In early July, high as the Hindenburg, having spoken to no one besides food delivery people and librarians in about a month, I opened a new page in the Marysville material and saw a dark-skinned man staring back at me from a photocopy of a university-press book. It was taken in 1868. He looked like the black-and-white photos of my nana, posed unsmilingly, almost militaristically, on his wedding day. Below his daguerreotype was a small caption. ISAAC SNIDER, it read. Editor of the Marysville Gold Star, 1865–1885. My eyes flitted between his name and his image and my breath caught. I stood up, stole into Chidi’s room, pulled out his dime bags—I was running low on his party supply—and did a line.
I returned to my desk and stared down at Isaac Snider. Snider was a Midwestern Jewish gold rush migrant and entrepreneur from St. Louis, the page read. Like many Jews in the California gold
rush who opened stores, launched businesses, built Synagogues, and started schools, he helped establish Californian society as something beyond lean-tos and mining towns. He then became the editor of the largest newspaper in the Central Valley region. But I wasn’t looking at his biography. I was looking at his face. His eyebrows were thick and unruly, and his eyelashes girlishly long. His gaze was unsettled, as though he was sure some secret of his was about to be found out.
Snider, my ass. This dark motherfucker looked as Indian as samosas. I almost wanted to cry. I had found him—had I? Or someone like him. Someone enough like him. My gold digger—Isaac Snider. What if he had slunk not out of view, but right into the heart of American history? So what if he stole that gold the night the whites nearly killed him? What if stealing was the only way for him to make a home in this place?
July slipped by; I read as much of the Marysville Gold Star as possible, and slowly something invited me into the period. The paper had printed its fair share of anti-immigrant polemics, blather I was used to from years of studying the period. (In the wake of the frenzy of gold fever, is it not time for the Chinese and the Mexicans and all other foreigners to make their polite egress, so that the new Western states may go about settling into themselves?) But I noticed something.
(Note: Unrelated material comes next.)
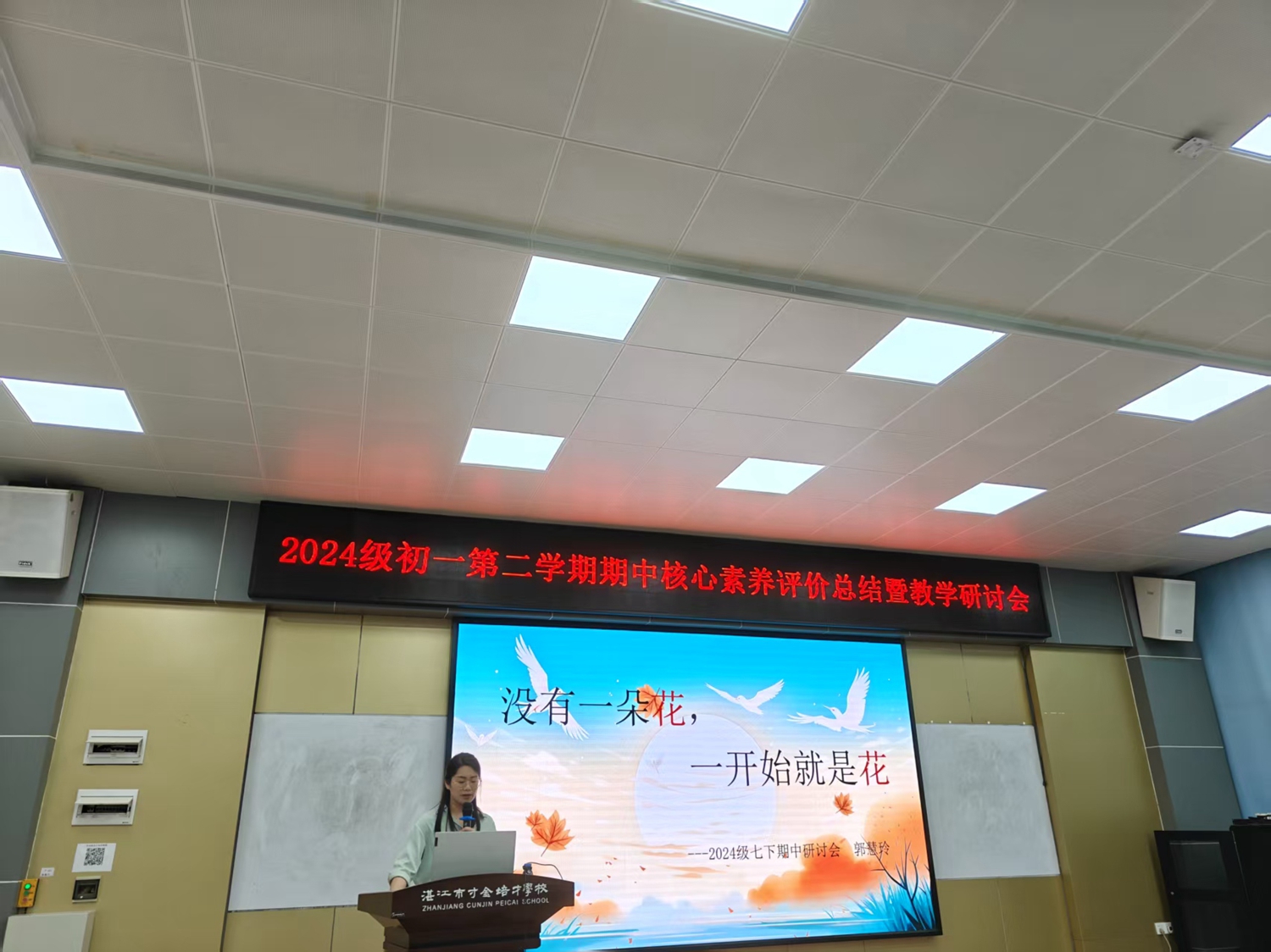 为全面总结教育教学经验,精准把脉学情,优化教学策略,初一年级于4月29日晚七点半在学术报告厅顺利召开第二学期期中核心素养评价总结暨教学研讨会。陈燕副校长及初一级全体老师出席了本次会议,会议由梁荣杰副级长主持。
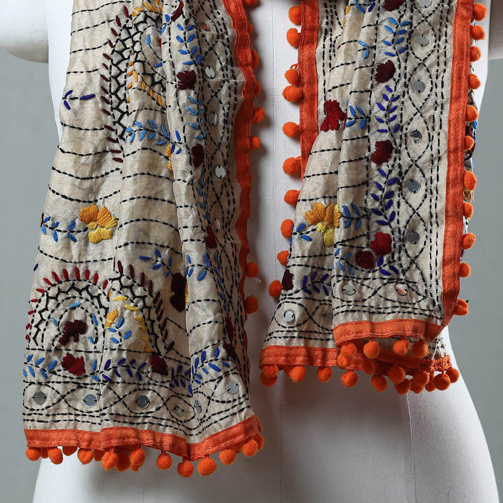 Enhance your wardrobe with this orange stunning chanderi silk chapa work hand embroidered stole with pom pom. This beautiful stole is designed with traditional patterns and has been hand-embroidered by skilled craftspeople from Ranihati, Howrah, West Bengal.

Toward the end of Isaac Snider’s tenure, the xenophobia abated and was replaced by some unbylined columns denouncing the British Raj. They were written with passion—even familiarity? (The brutish colonial presence recalls a period of American history now viewed in revolutionary light . . . )
More of those long drives down California’s endless highways, but nearly always meandering east now, through the Central Valley’s flat, breadbasket landscape. Orchards bearing matchstick tree limbs sprouted up by the highway, along with signs bearing Sikh politicians’ names—Singhs and Kaurs running for school boards. I’d stop for fresh apricots and drive with sticky fingers through neat town squares. And Marysville itself! It persisted—a couple of square blocks, a diner, antique shops, a set of swinging doors beneath a self-consciously styled sign reading sally’s saloon. Behind the saloon rose a red Chinese structure labeled the historic bok-kai taoist temple, and a sign marking the Yuba River, where it met the Feather. Pacing here gave me a sense of being close to Snider, though the Marysville Gold Star had long ago shuttered and there was no evidence of him—no statue, no plaque. But all I had to do was wander the little downtown, and I felt certain I was walking where he once tread.